Pendant ce temps, les soudards étaient rentrés dans la cabane pour essayer de disputer au sol, qui l’absorbait, un reste de liqueur ; ils s’abreuvaient comme de véritables brutes.

Le brigadier enleva au foyer plusieurs mottes de tourbe enflammée et les lança sur la fougère qui fit entendre un vif grésillement, accompagné d’une épaisse fumée.

— Ça chauffe, crièrent les constables en se relevant, sortons, les amis. Ah ! ah ! voilà une expédition qui aurait pu être moins agréable !

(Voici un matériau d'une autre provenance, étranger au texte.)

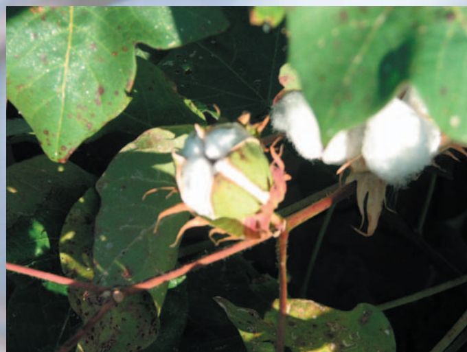
A partially open boll will have green tinted carpel walls and some cotton visible but it is not sufficiently open for harvesting. An open boll will have all the locks intact and be open sufficiently to allow for normal harvesting.
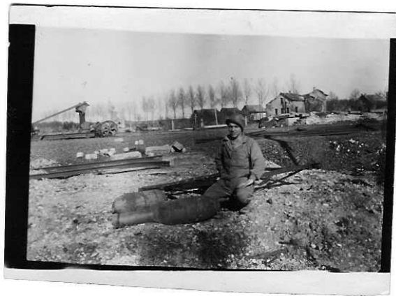
G.I. Joe beside a copule 500 lb. bombs. Germany 1945
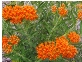
Butterfly Weed Asclepias tuberosa Well drained soils.
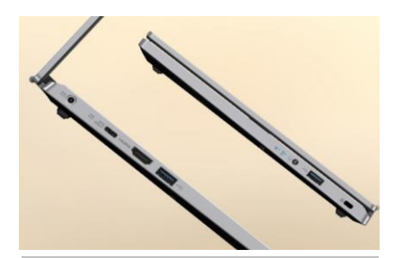
The Connectivity Connect or charge your newest devices on the full-function USB Type-C port and a HDMI port to increase the whole family's productivity and functionality.

The Aspire 3 is ready-to-go with the latest AMD Ryzen<sup>TM</sup> 5 7520U Processor with Radeon<sup>TM</sup> Graphics—ideal for the entire family, with performance and productivity at the core. Perfect to get more out of work, study, or play.
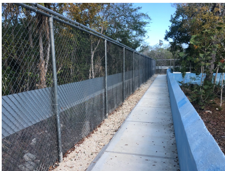
Figure 3. Alterations to the fence at the Blue Iguana Conservation facility, February 2021.

Boundary clearing was completed by BIC staff, community volunteers and labourers and any regrowth is maintained by BIC staff. Repairs and biosecurity achieved to standard as monitored by the Project Leader. Initial delays of the fence alterations and any construction were due to importation restrictions during COVID-19 (see Section 12) but all construction has now been completed at the facility.
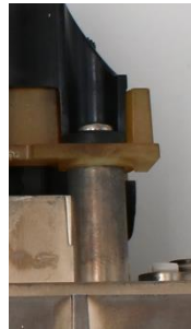
Figure 2b: Bezel post with NO separation
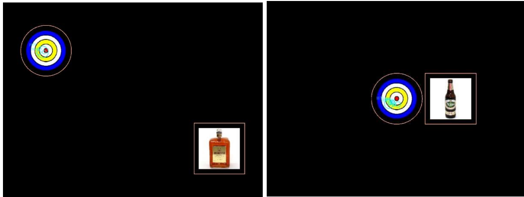
Figure 3. Examples of peripheral (L) and central (R) distractor stimuli (borders = areas of interest).
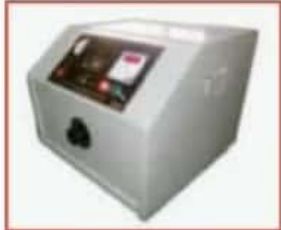
Transformer BDV Oil Test Set
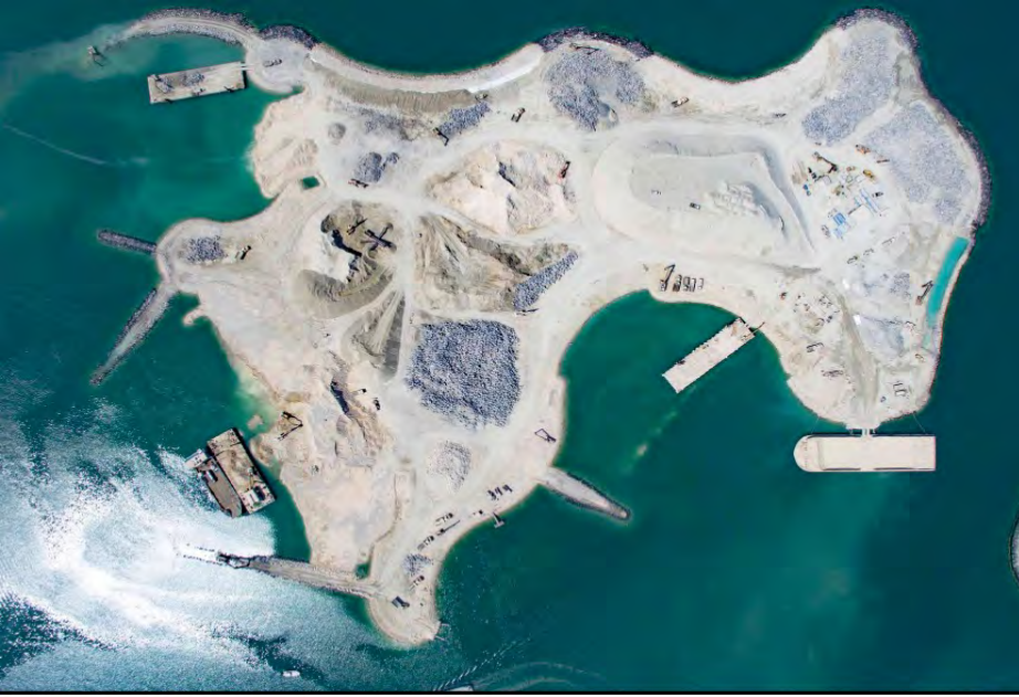
Lusail Island 3B - 27 September 2016
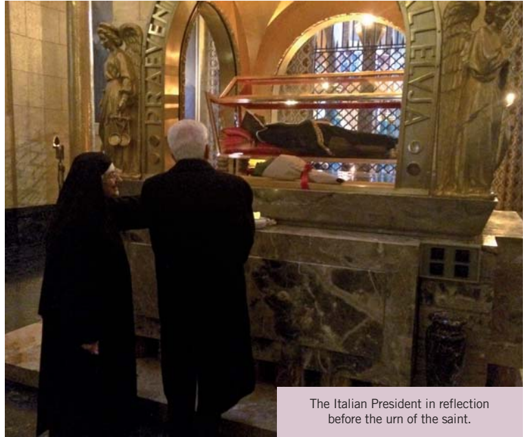
The Italian President in reflection before the urn of the saint.

La flamme s’éleva du toit de chaume, Jack et sa mère poussèrent un cri, leur cabane n’était plus qu’un brasier.

Les constables chancelants, hébétés par l’ivresse, riaient, chantaient et dansaient autour du feu en prononçant des imprécations et des blasphèmes ; l’un d’eux, plus enragé que les autres, insultait les infortunés et disait :

— Votre bon Dieu, protecteur de la veuve et de l’orphelin, vous la rendra, braves gens ; si la foi transporte des montagnes, elle peut bien aussi relever les maisons.

— Ah ! ah ! ah ! ricanaient les camarades, on voit bien que tu as été un papiste dans le temps, tu n’as pas oublié les leçons des prêtres.

— Moi, fit l’apostat avec un effroyable juron, si j’avais un prêtre ici, je lui plongerais la tête dans la fournaise, on verrait si les anges viendraient l’en délivrer. Ah ! ah ! je voudrais bien voir cela.